Thanks for the reply. This horrible behavior was part of a brief mid-life crisis that I deeply regret and that fortunately ended a long time ago. I still can't believe it happened, but it's a good thing that it ended (the way in which I phrased using "years" may made it seem bigger). 

Over the past weeks I've been able to track the few CSWs that I've been with, called them and asked them directly about their HIV status. In all cases, they answered that they were not infected and that tested recently (after our encounter). Not sure how reliable those responses are. The case that I worry and asked you about is the one where I couldn't call to confirm (and also the most eventful one).

My worries appeared very recently after some random reading in the web. I didn't tested yet. I am trying to learn as much as possible about my risks and expected outcome before the test as I am very scared and anxious about this situation. Reading that based on the info that I provided you expect my results to be negative was quite reassuring.

A few other questions:
1) any recommendation for the test? is there any test that you recommend to get results the same day?
2) any comment on the confirmation from CSW's negative status? is that info somewhat reliable and something good that I can factor in my situation?
3) I read that viral load affects transmission risk - does the 1 in 2000 factor that in?
4) what are the common symptoms for ARS? is there any symptom that is almost always present?

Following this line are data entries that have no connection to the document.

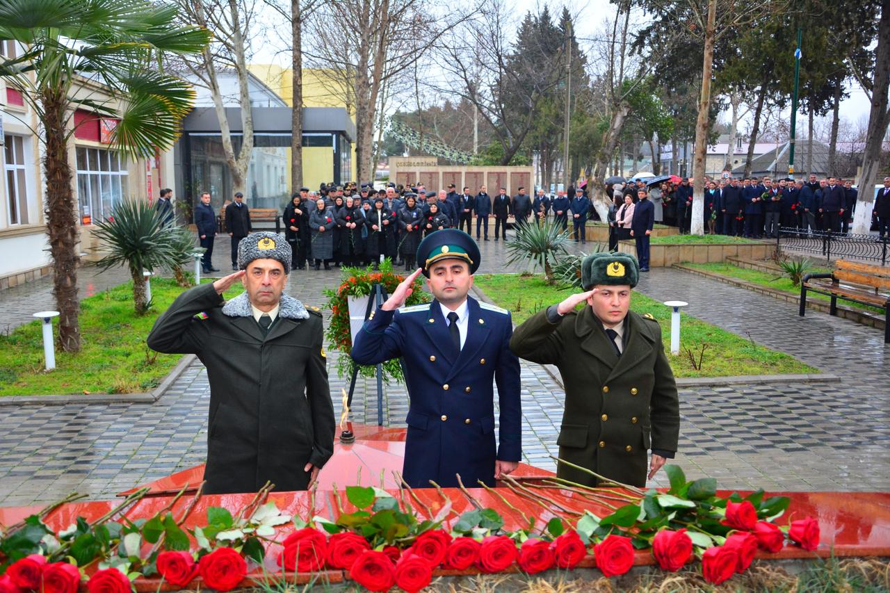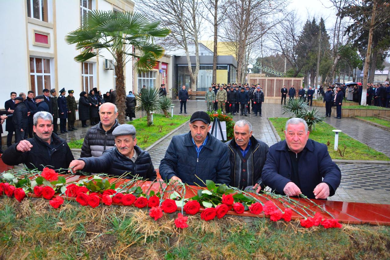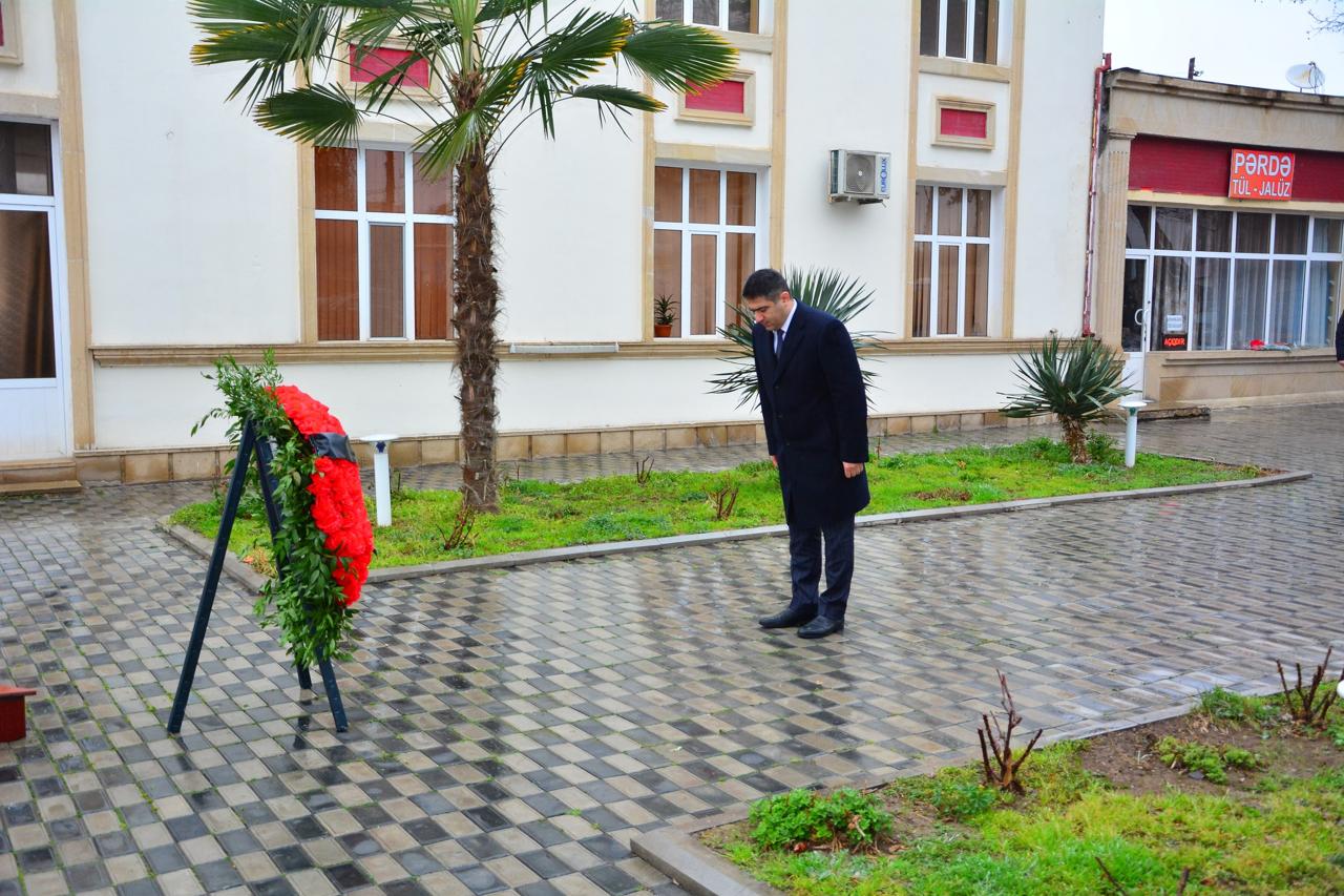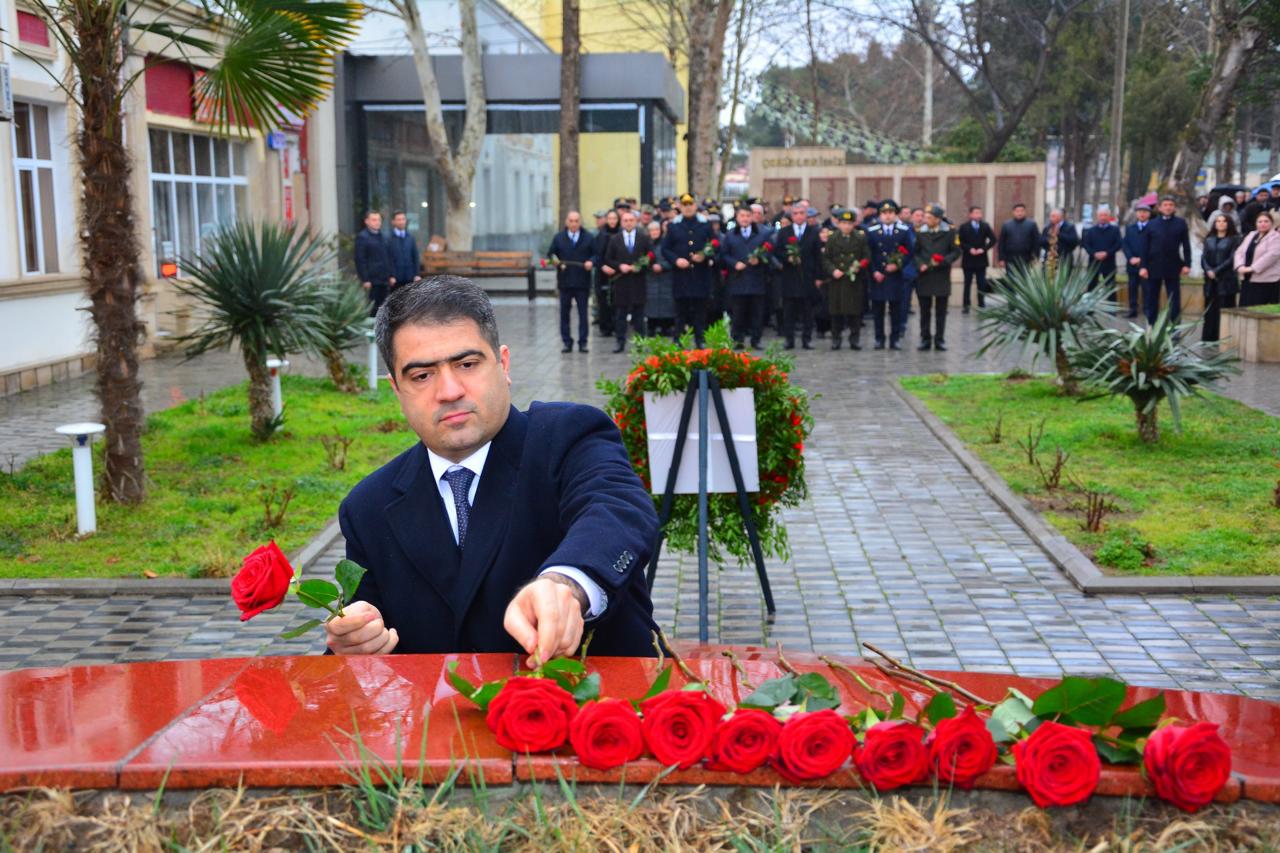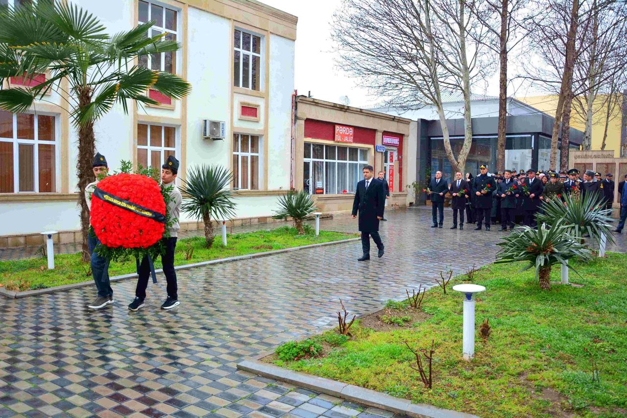 Memorail kompleksin əbədi məşəli önünə əklil qoyulub, müqəddəs üçrəngli bayrağımızın üzərindəki ayparanı simvolizə edən abidənin üstünə qızılgül və tər qərənfillər düzülüb.
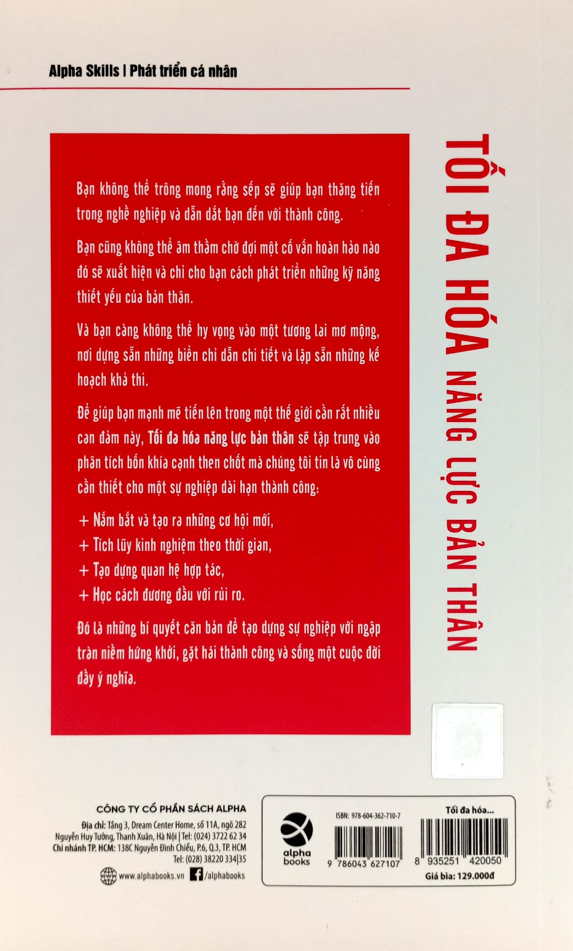 Tối Đa Hóa Năng Lực Bản Thân (Tái Bản 2023) Bạn cũng không thể âm thầm chờ đợi một cố vấn hoàn hảo nào đó sẽ xuất hiện và chỉ cho bạn cách phát triển những kỹ năng thiết yếu của bản thân. Và bạn càng không thể hy vọng vào một tương lai mơ mộng, nơi dựng sẵn những biển chỉ dẫn chi tiết và lập sẵn những kế hoạch khả thi. Để giúp bạn mạnh mẽ tiến lên trong một thế giới cần rất nhiều can đảm này, Tối đa hóa năng lực bản thân sẽ tập trung vào phân tích bốn khía cạnh then chốt mà chúng tôi tin là vô cùng cần thiết cho một sự nghệp dài hạn thành công: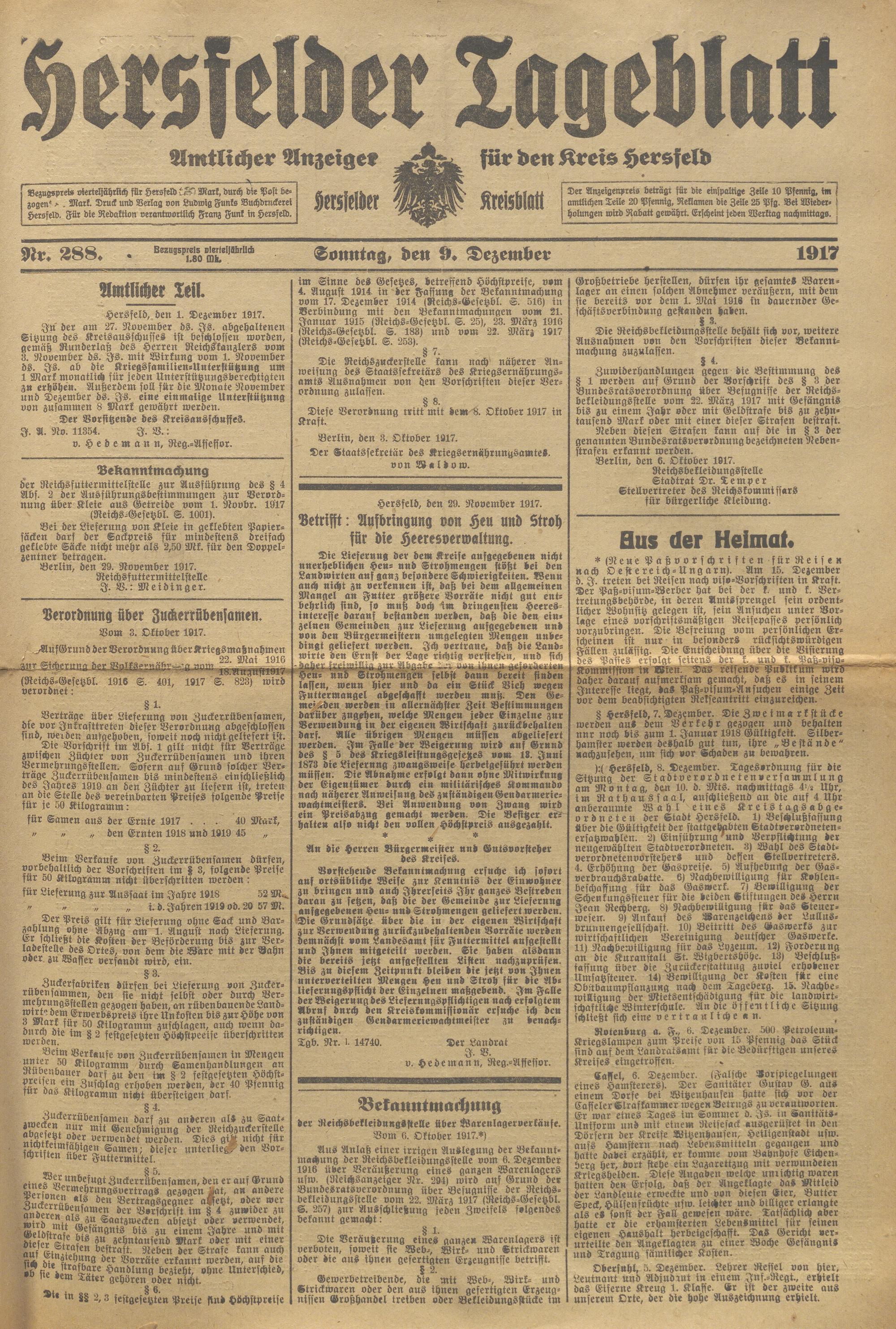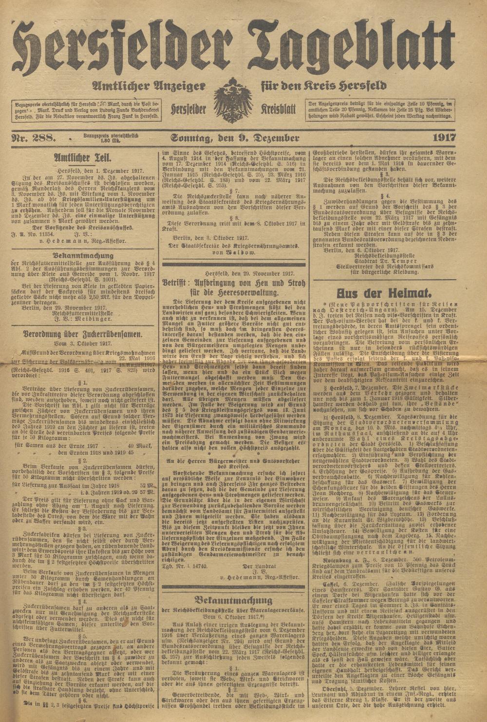 Hersfelder Tageblatt. 1913-1933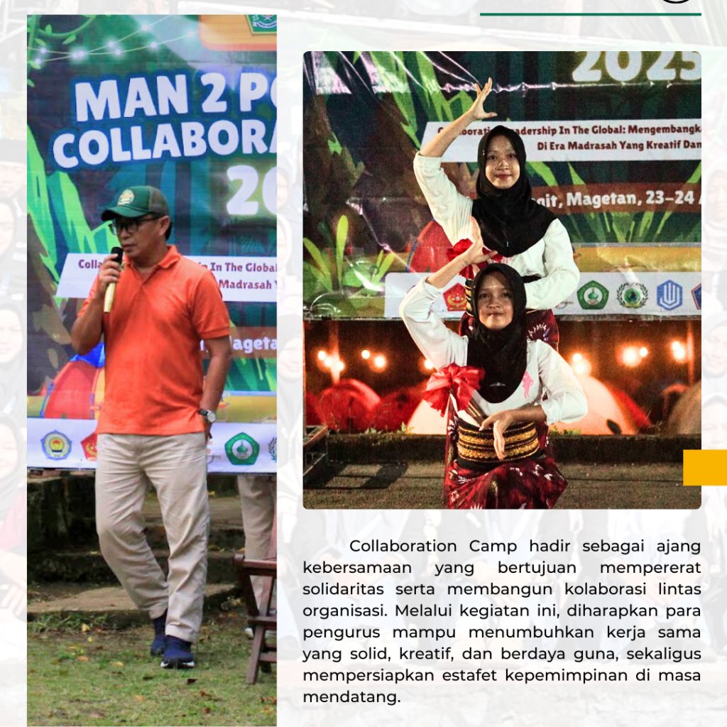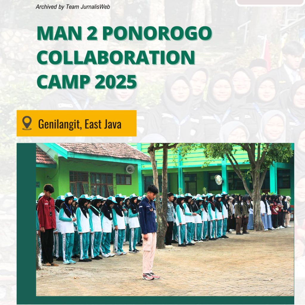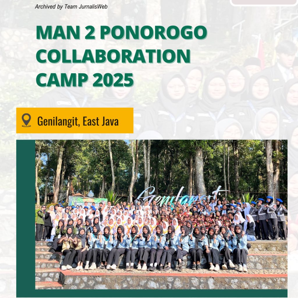 (Ponorogo/24/08/2025) MAN 2 Ponorogo sukses menyelenggarakan kegiatan MAN 2 Collaboration Camp (MCC). Kegiatan yang digelar di Bumi Perkemahan Genilangit, Magetan ini diikuti oleh seluruh organisasi dan ekstrakurikuler MAN 2 Ponorogo, dan melibatkan pengurus lama serta pengurus baru dari kelas XI dan XII.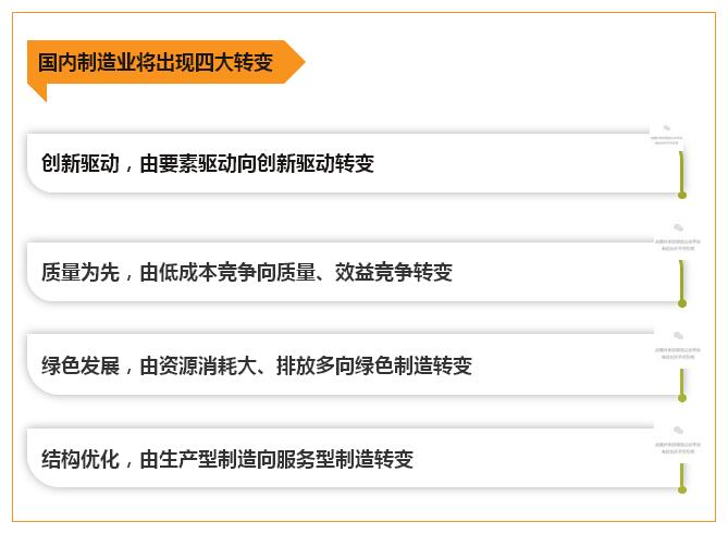 最终,通过实施“中国制造2025”,国内制造业将出现四大转变:
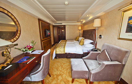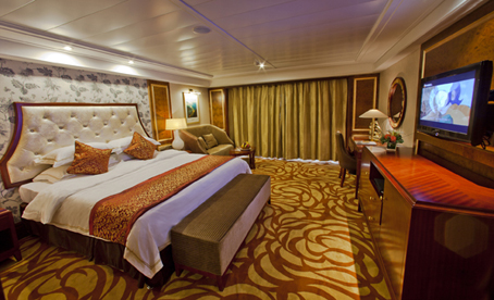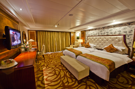 邮轮所有客房均采用五星级酒店标准配置床上用品和卫浴用品。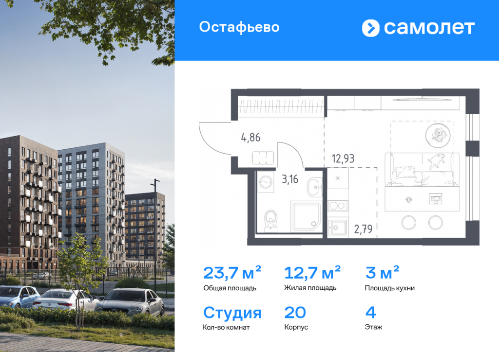 Строим кварталы для жизни с заботой о будущем. Предлагается квартира студия комфорт-класса 23,74 кв.м в корпусе 20 на 4 этаже, в ЖК «Остафьево» Квартира без отделки. Доступность опции «отделка» и возможность комплектации мебелью и декором уточняйте у застройщика. Приобрести квартиру возможно по специальным акциям от застройщика, с текущими условиями акций можно ознакомиться в блоке «Акций». Цена динамическая и может отличаться, уточняйте актуальность у застройщика. «Остафьево» — масштабный жилой комплекс в Новой Москве, рядом с одноименным музеем-усадьбой и городским парком «Барыши». До станций МЦД «Щербинка» и «Остафьево» можно добраться на автомобиле за 5–7 минут. Часть домов уже сдана, на территории открыты две школы и три детских сада, а в будущем будет построена поликлиника, ТЦ, еще одна школа и три детских сада. Все необходимое рядом: на первых этажах домов работают магазины, аптеки и кафе. Дворы — приватные мини-парки без машин и посторонних. Кроме игровых площадок, для детей обустроили тематический плейхаб «Маяк». В будущем появятся плейхаб «Алиса в стране чудес», арт-объект «Тропа зеркал», а также большой ландшафтный парк. В квартале — монолитные дома комфортной высоты, от 10 этажей. Светлые фасады украшают кирпичные вставки в теплых природных оттенках.

Thanks for the help, you are a great help to people like me who at some point made very bad decisions that deeply regret.


H. Hunter Handsfield, MD
H. Hunter Handsfield, MD
44 months ago
Thanks for the additional information. FYI, we take absolutely no moral positions on sexuality, assuming consent between partners. If in retrospect you view your behavior as "horrible", be assured that I do not. No apologies are due in this direction.

That some of your partners have assured you they don't have HIV is good, and further reduces the chances you were exposed. But it doesn't change my advice that you be tested for HIV, syphilis, gonorrhea, and chlamydia. And no, that does not change my expectations that the results will be negative. But stranger things have happened, and better safe than sorry. I think your additional questions are in relation to HIV testing and that's how I will respond. But I hope you will also follow through on the others.

1) There are 20+ tests on the market and I can only comment on general types of test, not specific ones. The best and overall standard test these days is an HIV antigen/antibody (Ag/Ab) test, also called "4th generation", "duo", and "combo" test. These are conclusive any time 4 weeks or more after the last possible exposure -- and despite your concern about the condom failure event and reassurances from your other partners, I would recommend waiting that long after your last commercial sex exposure. These tests are lab based and usually will take a few days to get the result. At 6+ weeks, and antibody-only blood test will be conclusive, and some clinics may offer this option. The most common point-of-care (while you wait) test uses oral fluids, and you can purchase it OTC for self testing at home; but is not conclusive until 3+ months.

2) Mentioned above. Most people don't lie about HIV status when asked directly, and you're in a better position than I am to judge the tone of their responses. OTOH, don't forget that people can be in a window period if recently infected.

3) The 1 in 2000 data came from the pre-viral load days and cover all cases. The transmission risk would be correspondingly higher or lower for any particular exposure. But probably never higher than 1% (1 chance in a hundred).

4) The most common symptoms are fever, sore throat, skin rash, and enlarged lymph nodes (always several, not just one or two). Sores in the mouth. Several others. Almost always several symptoms; any of these by itself isn't worrisome. ARS onset is always within 2 weeks of exposure; anything later isn't ARS. But only half of new infections have ARS; presence or absence of symptoms won't help you judge the likelihood you were infected.

Thanks for the thanks. Now do me the honor of following through and getting tested. That's the ONLY thing you need to do. Don't spend any more time or energy worrying about the risk at the times of exposure or symptoms. They now mean nothing; the test result means everything.